Pre-Search Facets in MOSS 2007

Search facets offer a powerful entry point into data exploration, especially in cases where data is categorized or tagged effectively.  With modern search and content retrieval mechanisms, such as the search engine in MOSS (and new FAST search engine for SharePoint) the traditional method of browsing for content in SharePoint using static navigation hierarchies can now take on a whole new approach.

The new thinking behind content storage is to put all artifacts in one large bucket, tag the artifacts, and then leverage search and facets to surface relevant content.  Think about how Google revolutionized mail by discarding the folder structure approach in favor of a search and label paradigm.

Anyone who has played with Faceted searching in SharePoint probably knows that, aside of the commercial tools like BA Insight, the only real free option is to use the Codeplex Faceted Additions.

fs3.png

The Codeplex offering assumes “post” search faceting, in that the web parts determine the relevant facet headings and count based on the current executed result set.  This approach makes good for filtering search results and allowing users to drill down on with restricted queries, but what about pre-facet browsing, similar to the functionality on sites like Best Buy?

Here is the problem – to provide the user with a dynamic tree view if hierarchical data based on facet categorization, the hierarchy generation method needs to know about all potential facet values ahead of time.  Take the following example:

An organization tags all their documents with a document type and department.  Let’s assume we wanted to provide a dynamic list of departments, which the user could choose, and then a list of document types available for the selected department.  After selecting the document type we’d like the user to see all documents of the selected type that sourced from the selected department.

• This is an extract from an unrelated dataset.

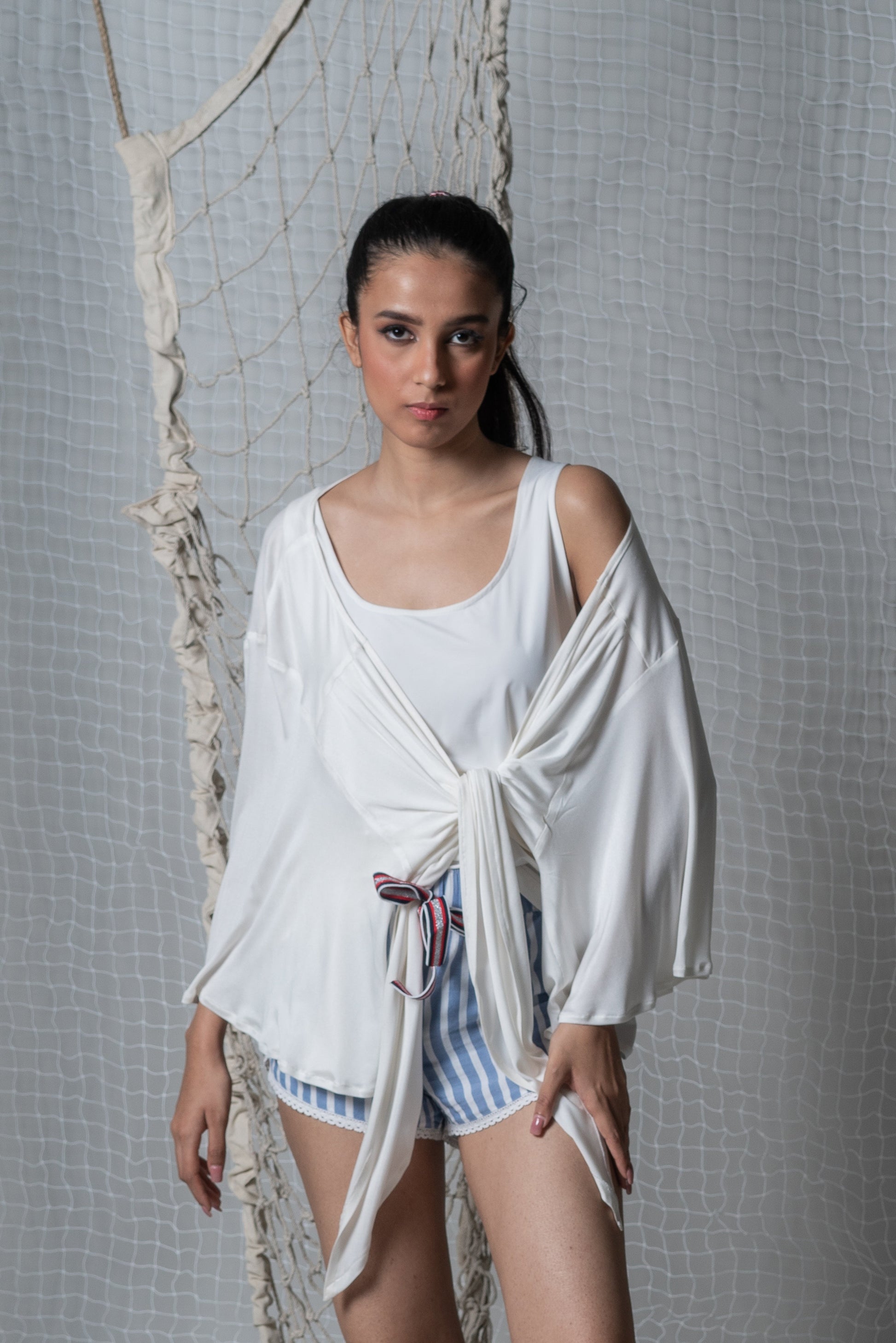 Wrap up top with drop shoulders and elbow length butterfly sleeves.

Aside of issuing a general search, and then filtering the result set by department and document type, the Codeplex faceted search web parts do not appear to offer a mechanism to provide dynamic table-of-content like behavior.

So I got to thinking – search facets in MOSS are no more than managed properties that exist in the search index.  Surely the object model must enable me a way to query distinct values of a given managed property?  It turns out that you can query the search API for this information, and with a little code magic you can obtain the results desired:

using System;
using System.Collections.Generic;
using System.Linq;
using System.Text;
using System.Data;
using Microsoft.Office.Server.Search;
using Microsoft.SharePoint;
using Microsoft.Office.Server.Search.Query;

namespace SearchFacets
{
    /// <summary>
    /// Faceted search querying.
    /// </summary>
    class Program
    {
        static readonly string SRCURL = "http://server/";

        /// <summary>
        /// Entry point.
        /// </summary>
        /// <param name="args"></param>
        static void Main(string[] args)
        {
            using (SPSite srcSite = new SPSite(SRCURL))
            {
                string query = "SELECT DocumentType FROM Scope() WHERE "SCOPE" = 'My Scope Documents'";
                string[] values = GetDistinctSearchResults(srcSite, query, 1000);
                foreach (string s in values)
                    Console.WriteLine(s);
            }
        }

        /// <summary>
        /// Get some search results using full text.
        /// </summary>
        /// <param name="context">Site.</param>
        /// <param name="searchQuery">Query.</param>
        /// <param name="searchLimit">Limit results.</param>
        /// <returns>Results.</returns>
        static string[] GetDistinctSearchResults(SPSite context, string searchQuery, int searchLimit)
        {
            using (var fullTextQuery = new FullTextSqlQuery(context))
            {
                fullTextQuery.ResultTypes = ResultType.RelevantResults;
                fullTextQuery.QueryText = searchQuery;
                fullTextQuery.KeywordInclusion = KeywordInclusion.AnyKeyword;
                fullTextQuery.EnableStemming = false;
                fullTextQuery.TrimDuplicates = false;
                fullTextQuery.RowLimit = searchLimit;

                ResultTableCollection resultsCollection = fullTextQuery.Execute();
                ResultTable resultsTable = resultsCollection[ResultType.RelevantResults];
                return ReturnDistinct(resultsTable);
            }
        }

        /// <summary>
        /// Return distinct list.
        /// </summary>
        /// <param name="rtWins">Restult set.</param>
        /// <returns>Distinct values.</returns>
        static string[] ReturnDistinct(ResultTable rtWins)
        {
            DataTable dtWins = null;
            Dictionary<String, int> pairs = new Dictionary<string, int>();
            List<String> lstWins = new List<string>();
            dtWins = new DataTable("dtWINS");
            dtWins.Load(rtWins);

            foreach (DataRow drWin in dtWins.Rows)
            {
                string fieldName = drWin[0].ToString();
                if (pairs.ContainsKey(fieldName))
                    pairs[fieldName]++;
                else
                    pairs.Add(fieldName, 0);
            }

            foreach (KeyValuePair<String, int> pair in pairs)
                lstWins.Add(String.Format("{0} ({1})", pair.Key, pair.Value));
            return lstWins.ToArray();
        }
    }
}

You might be thinking “Hey, you’re just executing a search”, and you’d be right.  Since the facet values (managed property values map to crawled properties) live in the search indexes we have no choice but to perform a search to get at these values.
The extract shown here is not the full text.